Recorded data
⟨

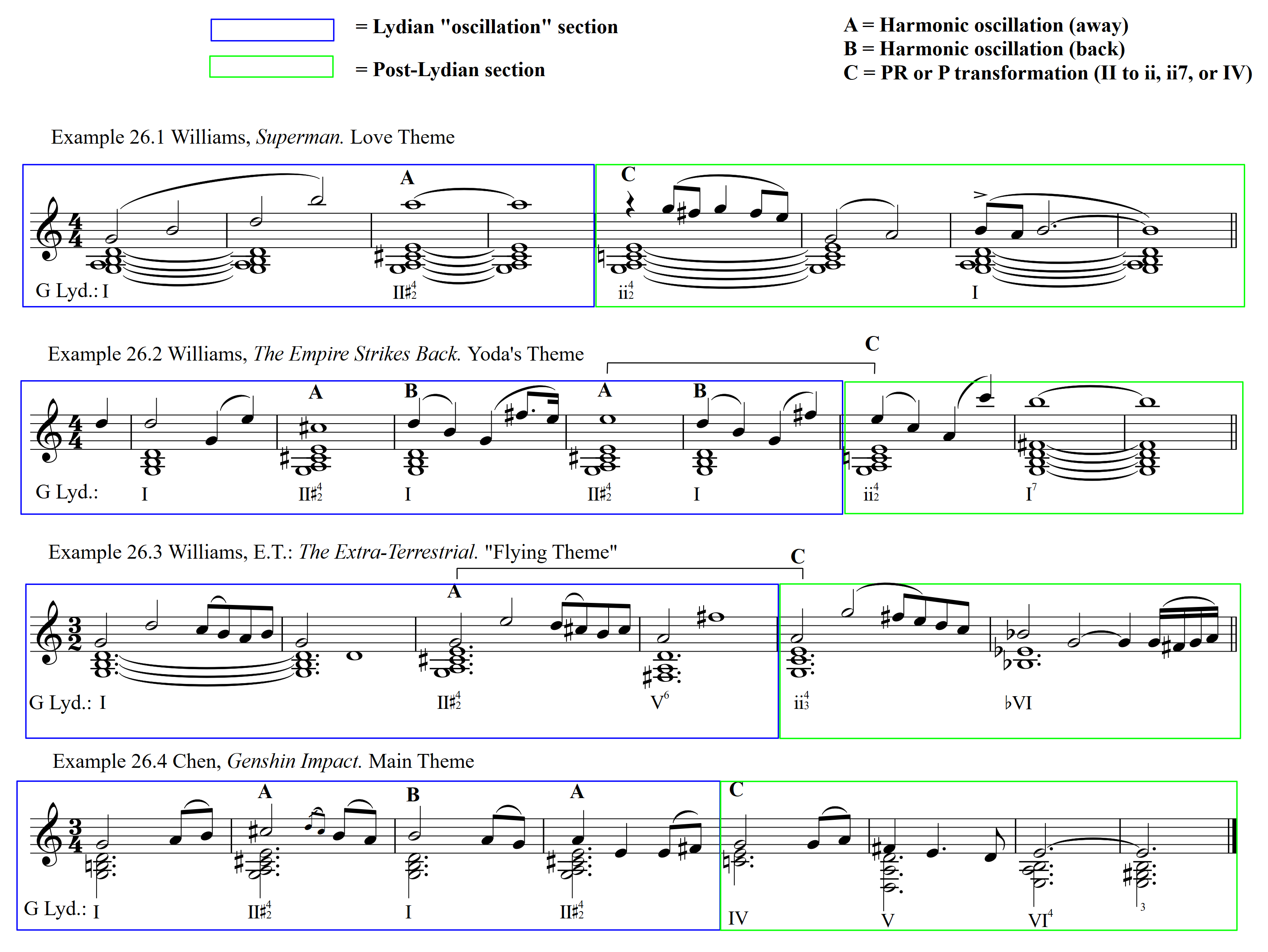 Example 26. Leitharmonic idioms of “soaring” in screen music (partially adapted from Schneller 2013 with additional annotations)
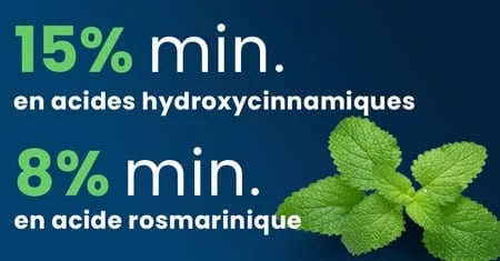 | Extrait de feuilles de Mélisse BIO* (Melissa officinalis) | 600 mg |
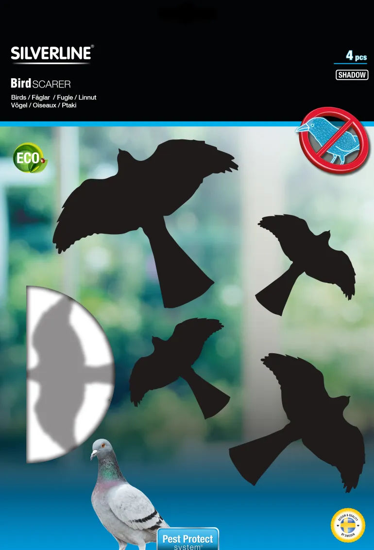 Silverline Shadow on lasipintaan liimattava varpushaukan mallinen linnunpelätin. Varpushaukka on pikkulintujen yleisin vihollinen, ja kun ne näkevät haukan varjokuvan, ne välttävät lentämästä kyseiseen suuntaan. Varjo on valmistettu säänkestävästä ja itsekiinnittyvästä mustasta muovista, ja se on helppo asentaa ja poistaa ilman jälkiä. Sisältää 4 kpl linnunpelättimiä.
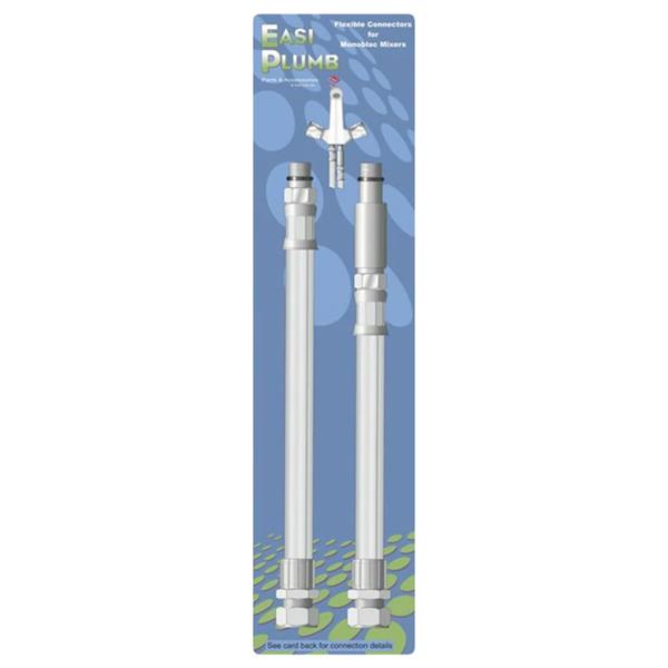 These Easi Plumb flexible connectors are designed specifically for plumbing monobloc mixer taps. The pack includes two tap connectors, each 400mm long, featuring compression ends for a secure connection. The connector dimensions are 1/2" by 10mm.
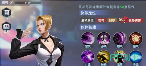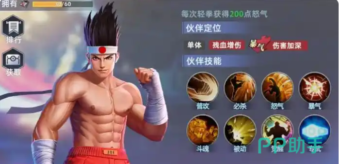 尽管东丈仅为R级角色,但他凭借鲜明的格斗家形象赢得了大量玩家的喜爱。当生命值降至50%以下时,他会自动进入“爆气”状态,持续两回合。在此期间,每次使用轻拳都能额外获得200点怒气,并且自身最终伤害提升5%,持续两轮。他的必杀技以单体目标为主,造成物理伤害;在爆气状态下,每损失20%的生命值,必杀技的暴击率就会增加5%。
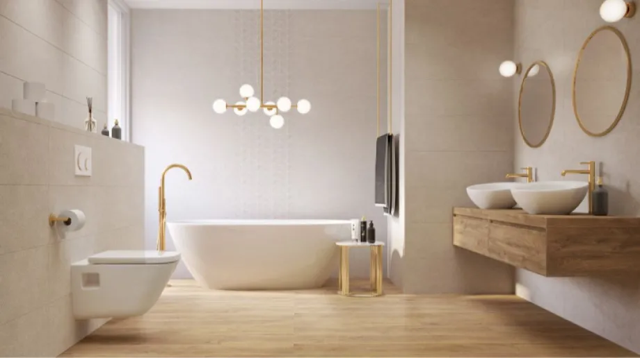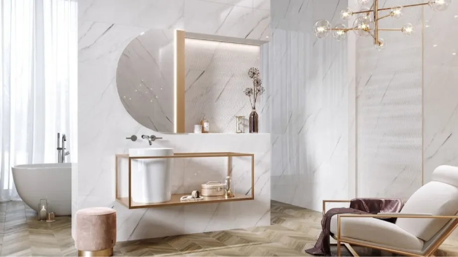 W łazience w stylu glamour na końcowy efekt aranżacji ma wpływ wiele mniejszych, składowych elementów. Odpowiedni wybór ceramiki, armatury oraz rodzaju płytek sprawi, że wykreujemy ponadczasowe, pełne elegancji wnętrze. Wybierając płytki, warto przyjrzeć się kolekcjom inspirowanym marmurowymi powierzchniami. Ciekawie prezentują się kolekcje dostępne w wielkim formacie. W łazience glamour wybrane ściany możemy także ozdobić dekoracyjną mozaiką, czy listwami.
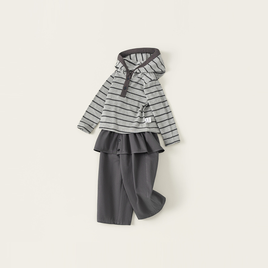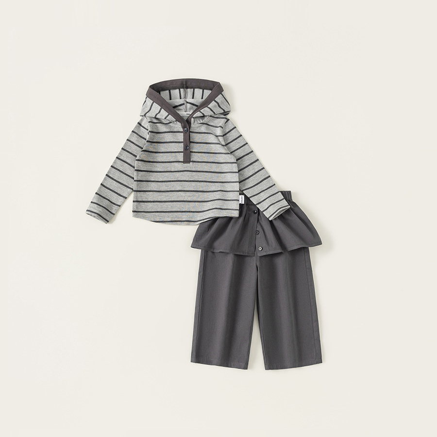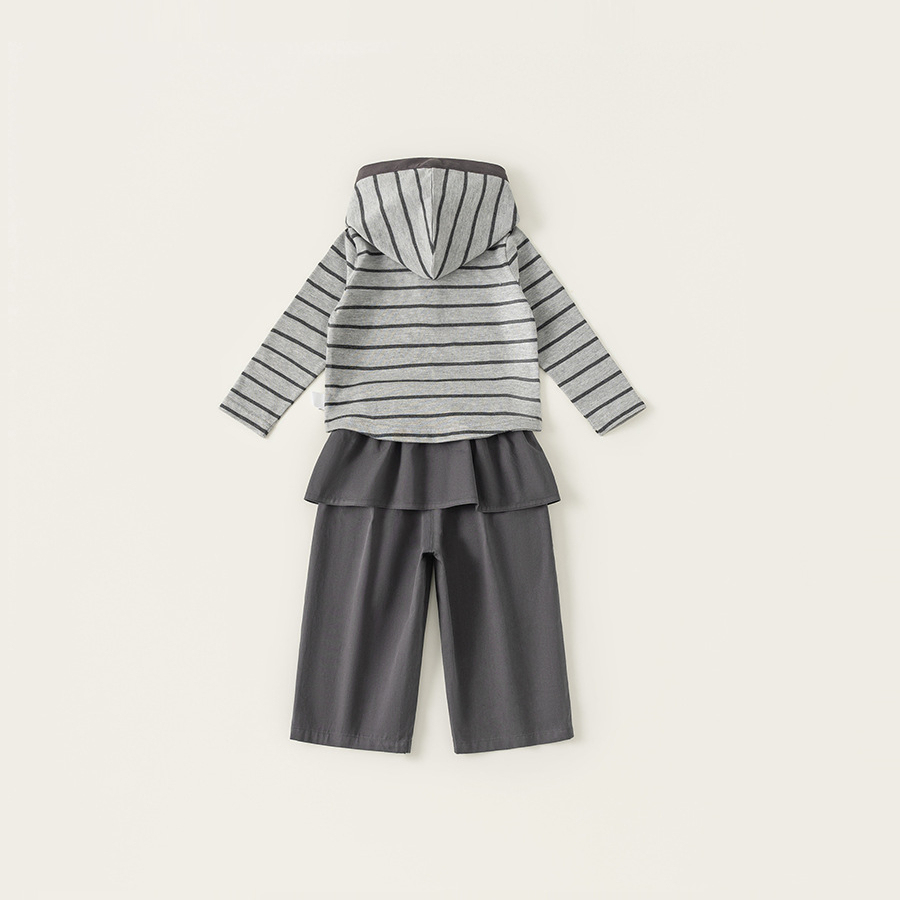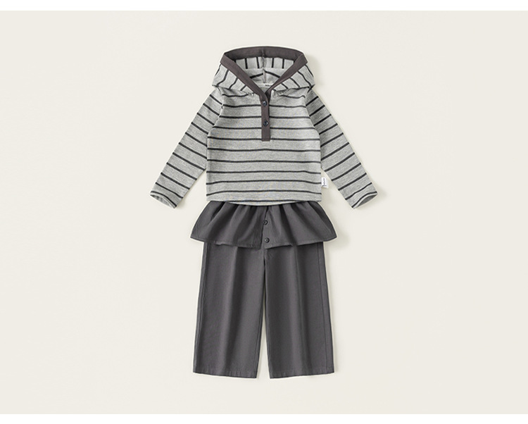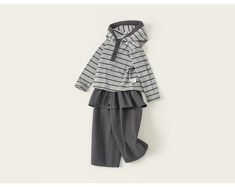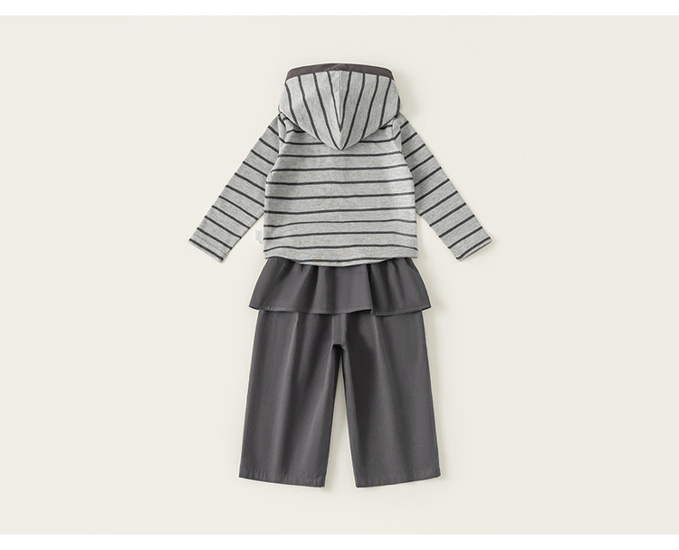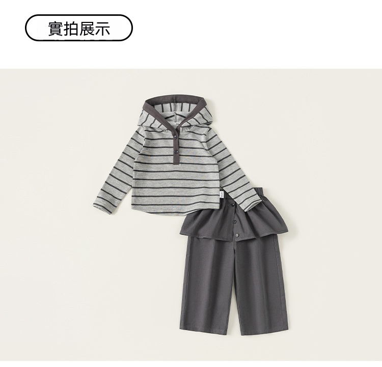 童装女童套装条纹连帽衫屁帘直筒裤儿童两件套春季时尚休闲装

⟩

- [Exercise directions]: When you reach the line that contains "These Easi Plumb" in the records above, copy it and every line after it exactly through the last one, leaving out the pictures.

- [Answer section]:
 These Easi Plumb flexible connectors are designed specifically for plumbing monobloc mixer taps. The pack includes two tap connectors, each 400mm long, featuring compression ends for a secure connection. The connector dimensions are 1/2" by 10mm.
 尽管东丈仅为R级角色,但他凭借鲜明的格斗家形象赢得了大量玩家的喜爱。当生命值降至50%以下时,他会自动进入“爆气”状态,持续两回合。在此期间,每次使用轻拳都能额外获得200点怒气,并且自身最终伤害提升5%,持续两轮。他的必杀技以单体目标为主,造成物理伤害;在爆气状态下,每损失20%的生命值,必杀技的暴击率就会增加5%。
 W łazience w stylu glamour na końcowy efekt aranżacji ma wpływ wiele mniejszych, składowych elementów. Odpowiedni wybór ceramiki, armatury oraz rodzaju płytek sprawi, że wykreujemy ponadczasowe, pełne elegancji wnętrze. Wybierając płytki, warto przyjrzeć się kolekcjom inspirowanym marmurowymi powierzchniami. Ciekawie prezentują się kolekcje dostępne w wielkim formacie. W łazience glamour wybrane ściany możemy także ozdobić dekoracyjną mozaiką, czy listwami.
 童装女童套装条纹连帽衫屁帘直筒裤儿童两件套春季时尚休闲装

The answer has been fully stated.